У Джимми были совершенно очаровательные глаза.
– Можем и остаться, – пожала я плечами – нарочито безразлично. – Хочешь еще поп-корна?
Я первый раз пробовала себя в роли обольстительницы. И весьма удачно.
Джимми снова придвинулся и поцеловал меня, проявив при этом куда больше энтузиазма, чем умения. Поп-корн рассыпался по грязному полу. Я почувствовала, что горячая жидкая сердцевина, которая плескалась внутри меня, нагрелась еще на пару градусов и вот-вот закипит. Поцелуи, оказывается, занятная штука. Мы занимались этим еще некоторое время, а ветер все бесновался снаружи.
Впрочем, мне было не до того: Джимми пыхтел, как паровая машина – прямо мне в ухо… он положил руку мне на грудь и… о боже!
Лампочки в зале мигнули и погасли. Я была только рада этому.
Пальцы Джимми двигались, и я почувствовала, как мои соски поднялись и затвердели. Успела подумать: если он захочет запустить руку мне в джинсы, я не стану возражать… И в этот волнующий момент крыша треснула, на нас посыпалась черепица, известка и какие-то металлические распорки.
Я пронзительно завизжала. Мы отпрянули друг от друга, сверху с глухим шумом падал холодный дождь вперемешку с градом. Крошечные льдинки колотили по бетонному полу, налипали на лиловый плюш сидений, как тысяча ос, жалили мои голые руки и лицо. Джимми обнял меня, и мы на ощупь двинулись в сторону тускло светящегося знака «Выход».
Ветер завывал как озверевший маньяк. Откуда-то свалился кусок льда размером с теннисный мячик и так ударил моего приятеля, что тот вскрикнул. Я высвободилась из его объятий и заорала что было силы:
– Эй!
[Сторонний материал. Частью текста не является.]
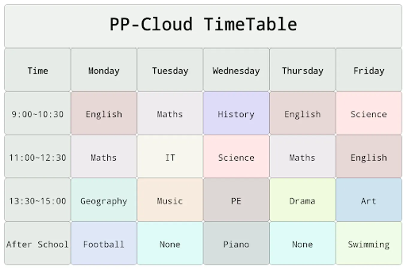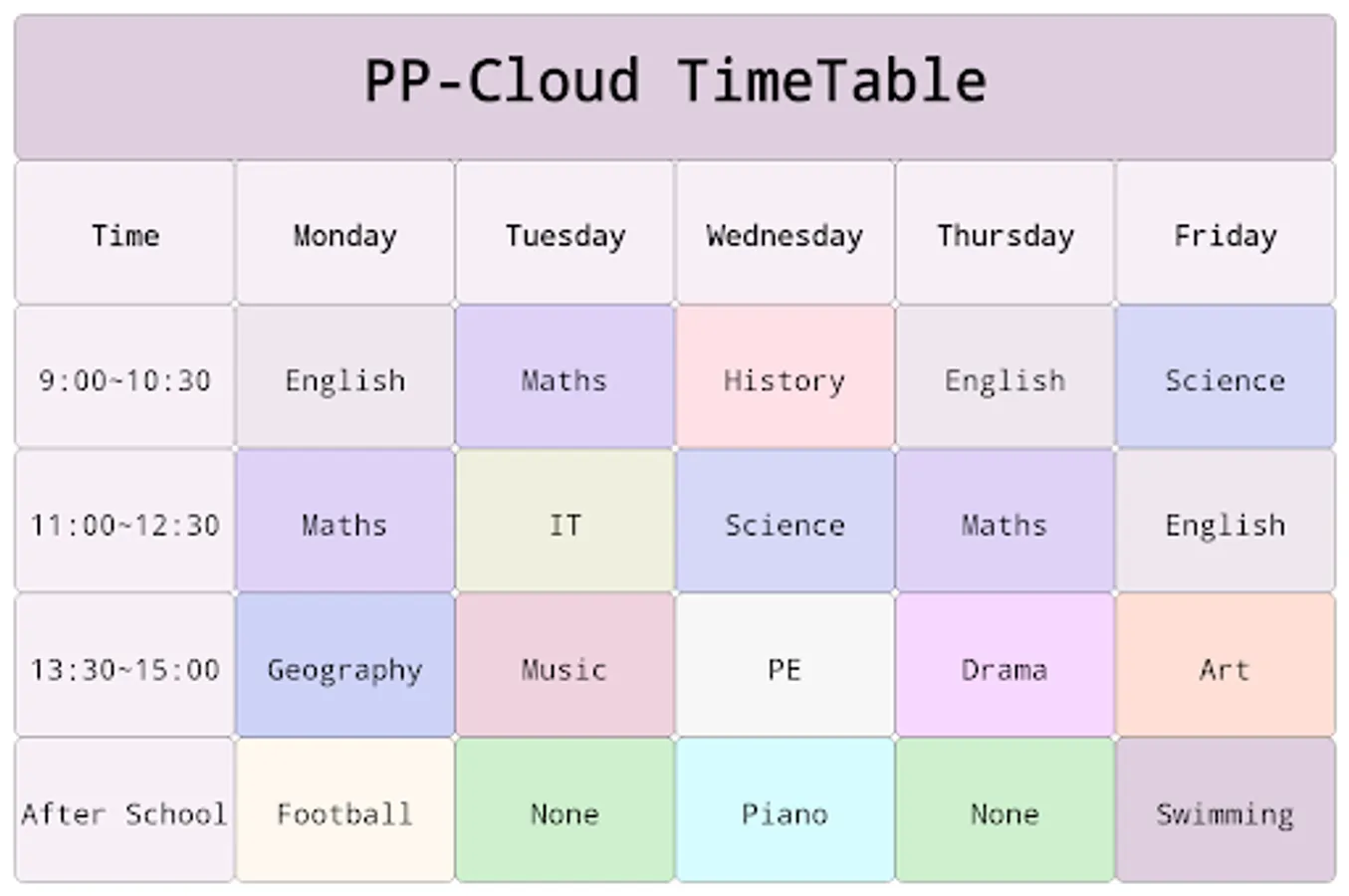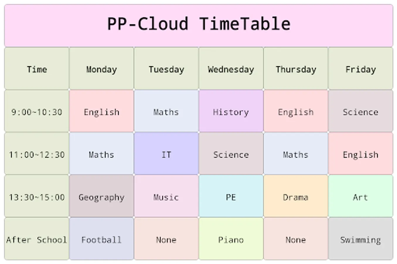 Edit: Edit the time table content (use one blank to increase the indentation)
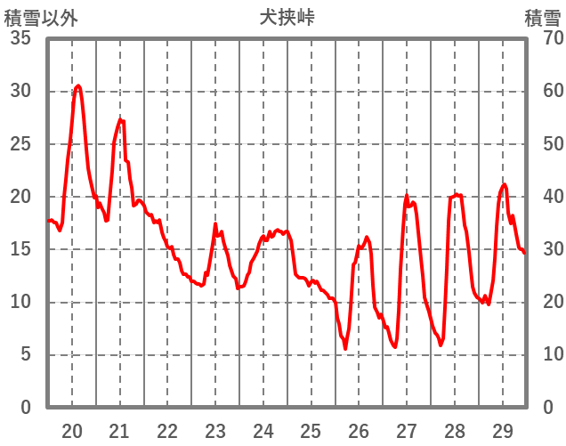| 日 | 時 | 気温 | 降水 | 風向/風速 | 日照 | 積雪 | 降雪 |
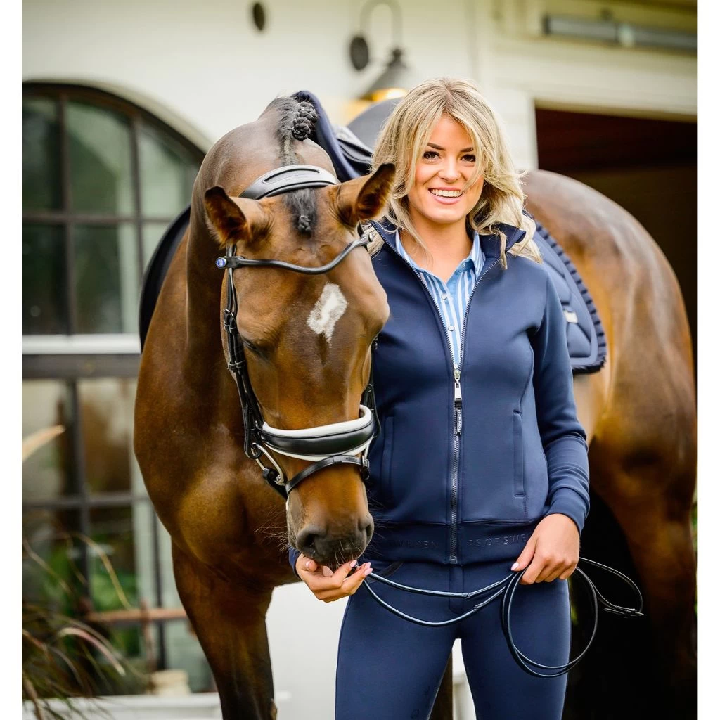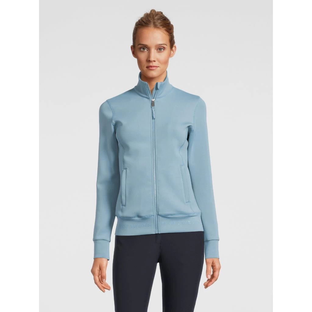 Figure-shaped riding jacket, shorter model. Very soft and comfortable, perfect to wear under a vest when the weather is changing. Four-way stretch. A sturdy zipper to open and close, and two zipped, spacious pockets. PS of Sweden print on the wristlet. The collar is semi-tall and extremely soft.

Прекрати сейчас же!
Я воочию видела этого взбесившегося ребенка – там, у нас над головами, и вложила в свой крик все, что накопилось на душе. Напрягая мышцы своей бедной головы – хотя никто тогда еще не учил меня этому, – я пыталась убрать, отпихнуть подальше разыгравшийся шторм.
– Ты понял меня? Заткнись!
Ледяной мячик величиной с баночку «содовой» шмякнулся у моих ног и разлетелся вдребезги, как разбитый стакан, окатив меня при этом ледяной шрапнелью. Я набрала побольше воздуха в легкие, чтоб продолжить свои увещевания. Но это не понадобилось.
Все прекратилось.
Воцарилась мертвая тишина. Только над головой у нас зависло темное облако. Оно медленно вращалось, как запущенный хронометр. Внутри него и по краям что-то посверкивало.
Крупные капли редко падали на разрушенную крышу. Где-то вдалеке неясно громыхало.
Я слышала, как колотится мое сердце – громко и быстро, как барабаны на концерте рок-н-ролла. Джимми вывернуло наизнанку, и он опрометью бросился на выход.
Облако продолжало вращаться. Я смотрела в самую глубь его, в темную сердцевину, а оно глядело на меня. Кажется, мы поняли друг друга. Я опустилась на мокрое, холодное сиденье и посмотрела на потухший экран. Не показывать ему больше «Звездных войн», потому что прямо посередине проходила рваная трещина, будто сюда ударила молния.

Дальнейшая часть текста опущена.